L’analisi fornita alla Commissione europea dalle tre associazioni si concentra sul progetto esecutivo del primo lotto dell’opera, che ha appena ottenuto l’approvazione da parte del Ministero delle Infrastrutture e dei Trasporti e che darà il via libera ai lavori nei prossimi mesi. Il primo lotto collegherà nel Parmense la località Fontevivo, a 2,5 chilometri dall’intersezione tra l’A1 e la A15, con quella di Trecasali, interrompendosi dunque dopo soli 10 chilometri nel bel mezzo della pianura padana, senza centrare, paradossalmente, l’obiettivo più importante: collegare l’Autocisa con l’autostrada del Brennero. Ma è anche l’impostazione complessiva dell’opera a essere completamente anacronistica – sottolineano le associazioni.

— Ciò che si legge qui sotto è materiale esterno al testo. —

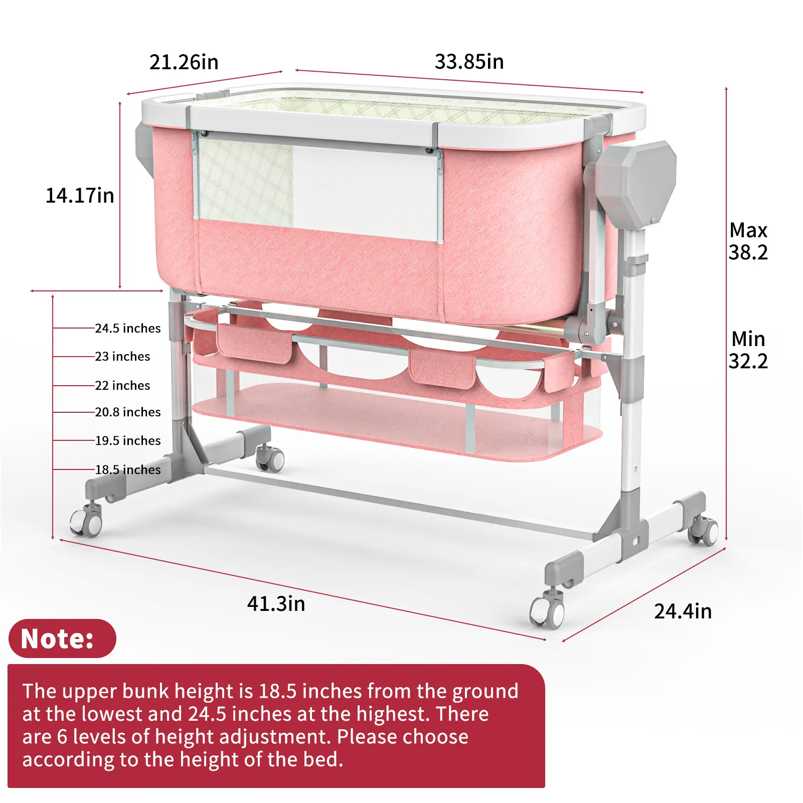 【 6 height adjustmentsand/ 3 timers】Bedside bassinet has 6height adjustments, which can be adjusted according to the height of the big bed to fit the mother's big bed. The 3-speed timing mode makes soothing the baby easier. In addition, the large storage basket allows baby necessities to be available at any time.

Mentre tutti i Paesi d’Oltralpe potenziano il ferro e i valichi su rotaia per ridurre inquinamento ed emissioni, l’Italia pensa ancora di collegare il porto ligure al Brennero con un’autostrada; stravolgendo peraltro il cuore dell’agroalimentare di qualità dell’Emilia-Romagna. Un’opera, il primo lotto, che, oltre a essere largamente incompleta (e dunque già inutile di per sé), impatterà in modo grave sulla biodiversità del territorio interessato, dove si trovano due siti della rete Natura 2000 (i Sic-Zps “Area delle risorgive di Viarolo, bacini di Torrile, Golena del Po” e “Basso Taro”), formati da ambienti tipici della pianura padana come zone umide, filari e prati stabili.

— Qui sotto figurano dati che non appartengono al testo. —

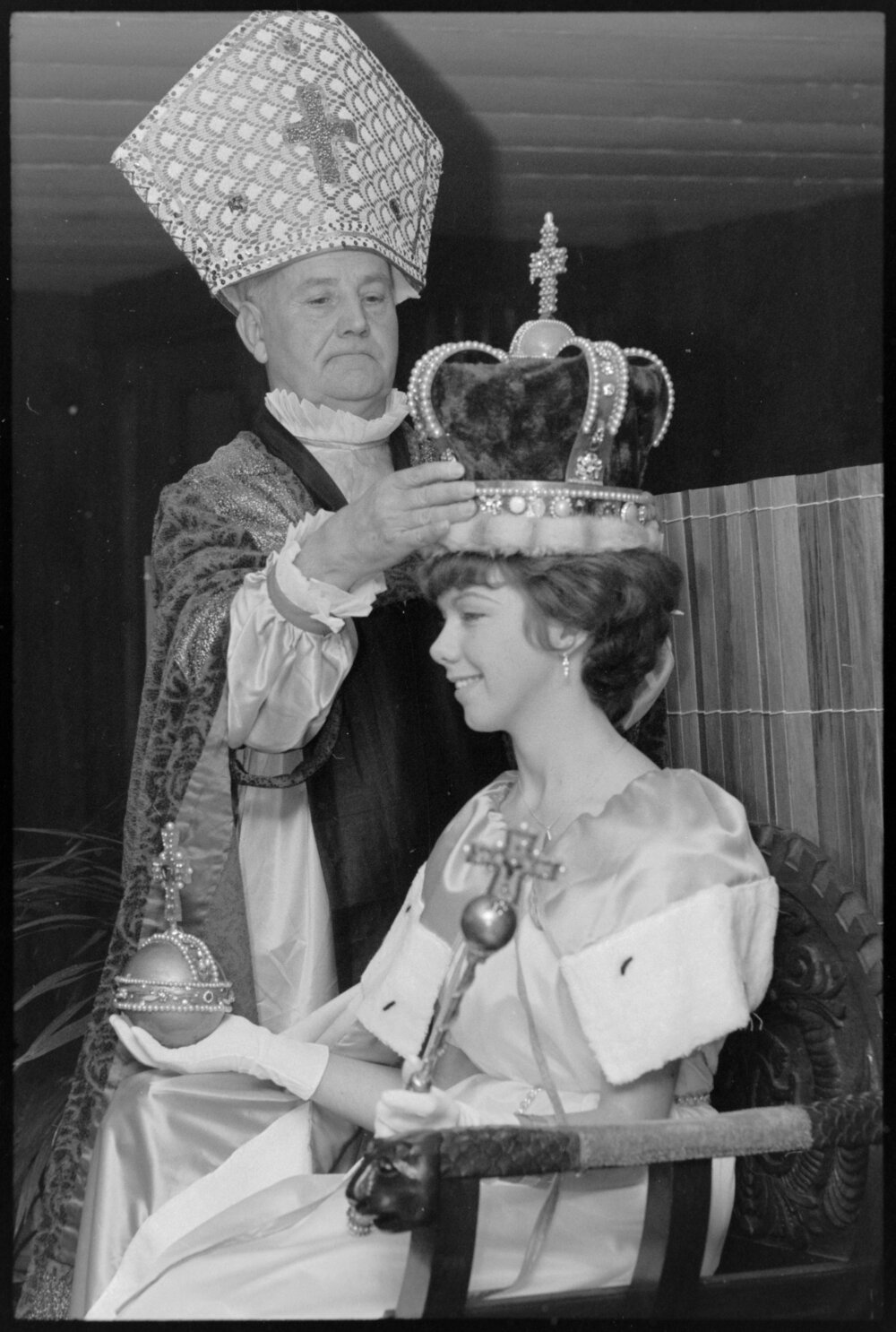 Date31 August 1964Reference NumberPhoto gcc-7132DescriptionOrange Festival. Crowning of Queen, Belinda Harding, by Archbishop Donald Groom. Published 31 August 1964.Physical Description35mm black-and-white negative (1/2)Photographer/CreatorBay of Plenty Times

Habitat particolarmente ricchi di specie come, tra le altre, il falco cuculo (con la più importante colonia italiana, totalmente ignorata negli studi di incidenza del progetto) e altre numerose specie nidificanti di uccelli di interesse comunitario e tipiche degli ambienti agricoli, nonché altre specie minacciate tra pesci (come la cheppia, che rischia l’estinzione), rettili e anfibi. L’opera distruggerà anche un prato stabile, un ambiente ormai raro in tutta la pianura padana. Pertanto, Legambiente, Lipu e Wwf denunciano superficialità, approssimazione e scarsa evidenza pubblica dei tre studi di incidenza (limitati peraltro alla fase di “screening”) elaborati ben 11 anni fa, nel 2005, e da allora mai aggiornati.
Tali studi non riportano, per esempio, gli impatti sulla fauna e sugli habitat, ignorano gli impatti cumulativi e, di conseguenza, sottostimano le numerose incidenze dell’opera sui siti Natura 2000. Lacune gravissime, in chiara violazione dell’articolo 6, paragrafi 3 e 4, della Direttiva Habitat 92/43/CEE, alla luce anche della procedura “Eu Pilot” (6730/14/Envi) aperta due anni dalla Commissione europea proprio in merito al non rispetto della Valutazione di incidenza in Italia. «Le autorità competenti – scrivono Legambiente, Lipu e Wwf– avrebbero dovuto quantomeno chiedere che venissero redatte nuove Valutazioni di incidenza, se non dare già da subito parere negativo all’attraversamento dei siti Natura 2000 da parte di un’opera di tale entità senza le appropriate misure di mitigazione e, se del caso, misure di compensazione».